* _Extracted information_
- Opening Delimiter -

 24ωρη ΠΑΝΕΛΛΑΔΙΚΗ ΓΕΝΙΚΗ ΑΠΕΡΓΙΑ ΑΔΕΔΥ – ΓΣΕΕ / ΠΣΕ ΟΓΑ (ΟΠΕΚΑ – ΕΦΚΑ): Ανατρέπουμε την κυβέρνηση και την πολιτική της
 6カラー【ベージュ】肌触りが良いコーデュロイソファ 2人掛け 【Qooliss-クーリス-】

- Closing Delimiter -
- Opening Delimiter -

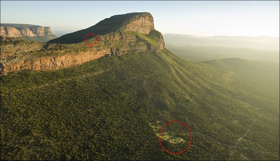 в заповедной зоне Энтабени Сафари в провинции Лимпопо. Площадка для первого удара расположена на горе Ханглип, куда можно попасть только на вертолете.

- Closing Delimiter -
- Opening Delimiter -

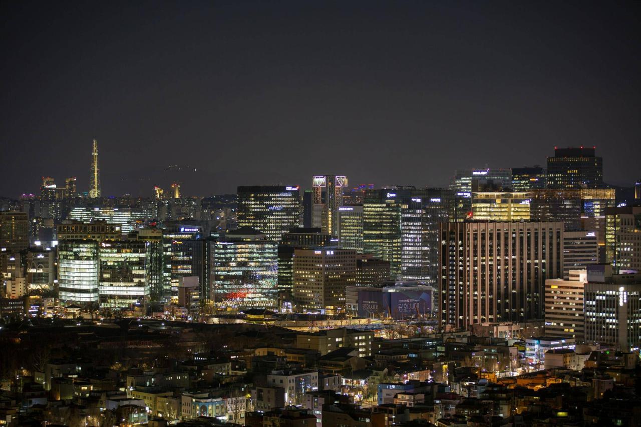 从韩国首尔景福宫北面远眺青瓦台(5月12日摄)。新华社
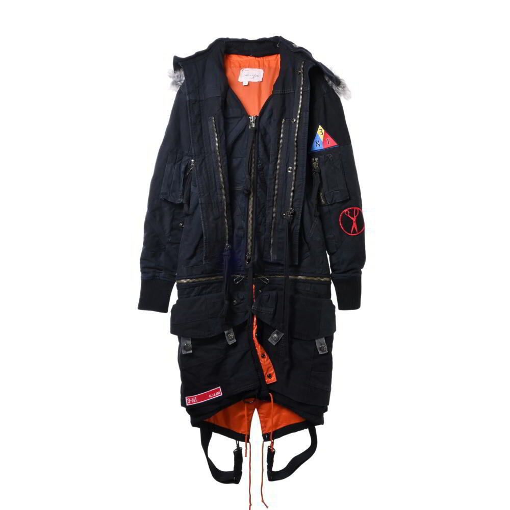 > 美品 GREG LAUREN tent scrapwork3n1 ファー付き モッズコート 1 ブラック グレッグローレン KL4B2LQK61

- Closing Delimiter -

* _Task to complete_
For the entries above, print exactly the lines between the one with "从韩国首尔景福宫北面远眺青瓦台(5月12日摄)。新华社" and the one with "ブラック グレッグローレン KL4B2LQK61", inclusive, with no pictures.

* _Task output_
 从韩国首尔景福宫北面远眺青瓦台(5月12日摄)。新华社
 > 美品 GREG LAUREN tent scrapwork3n1 ファー付き モッズコート 1 ブラック グレッグローレン KL4B2LQK61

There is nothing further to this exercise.